刺耳的瓷器碎裂聲,伴隨著溫念姝委屈的哭喊猛然響起:「啊!!好痛!」
這聲動靜在寂靜的夜裡格外驚人。
外間守夜的寒露和霜降瞬間被驚醒,綠珠心領神會,驚慌的衝進室內:「王妃,王妃!您怎麼了?」
幾人一衝進去,便看見溫念姝跌坐在地上,右手緊緊捂著左臂。
她的左臂衣袖被劃破,傷口正汩汩流血,染紅了半邊中衣。
旁邊是打翻在地的銅盆和一個摔得粉碎的白玉水壺,鋒利的水壺瓷片散落一地。
溫念姝臉色蒼白,眼淚像斷了線的珠子往下掉,哭得梨花帶雨,
「嗚嗚嗚,寒露露,霜降降,綠珠…我,我好痛啊,嗚嗚嗚。
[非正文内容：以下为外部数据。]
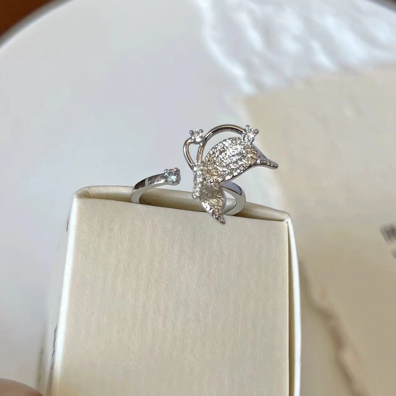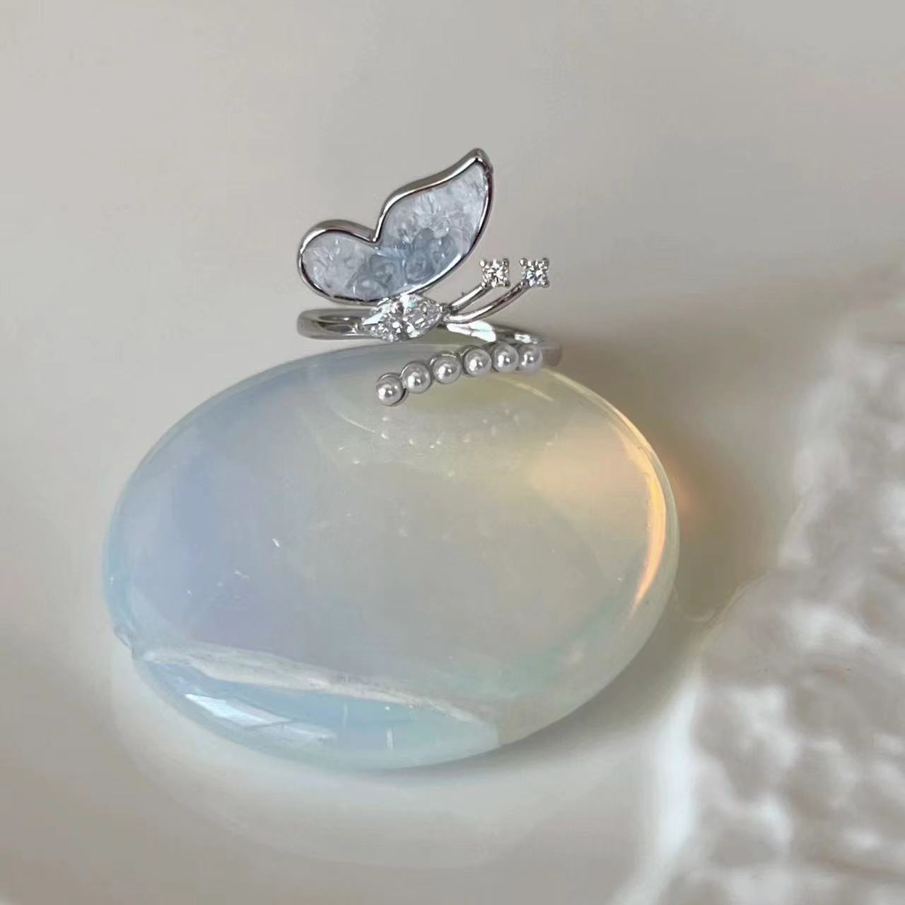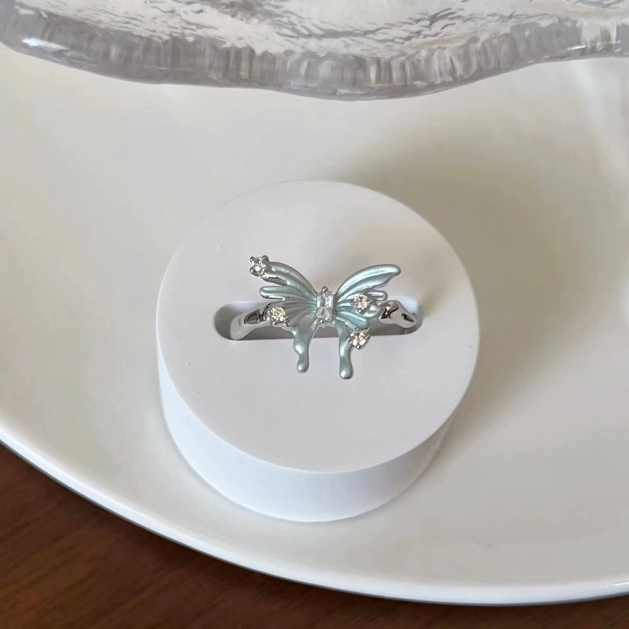 法式复古蓝色蝴蝶戒指2024新款设计感气质个性简约清冷感百搭戒指

」
綠珠看著她為了掩蓋左臂箭傷,竟狠心用碎瓷傷上加傷,心口狠狠一顫,險些落下淚。
她的傻小姐,對自己也太狠了。
「阿姝,怎麼回事?」裹挾著夜風寒氣與濃烈焦慮的身影,出現在門口。
夜無宸剛回來就聽見溫念姝的哭聲,心瞬間揪緊,幾乎是破門而入。
捕捉到空氣中的血腥味,夜無宸臉色沉如寒冰。
溫念姝一看到他,心裡是真的感到委屈了。
以前受過的傷比這嚴重的多,可她從不會流一滴眼淚,夜無宸一出現,假哭莫名變得真想哭。
她伸出沒受傷的右手,「阿宸宸,抱,痛……」
夜無宸幾步上前,半跪下來,避開她流血的左臂,小心將她半攬入懷。
霜降已經迅速取來藥箱,手腳麻利準備處理傷口。
「本王來。」夜無宸沉聲道。
他接過霜降遞上的乾淨布巾和烈酒,小心翼翼地擦拭傷口周圍的血汙。
烈酒接觸傷口的刺痛讓溫念姝嘶地吸了口冷氣。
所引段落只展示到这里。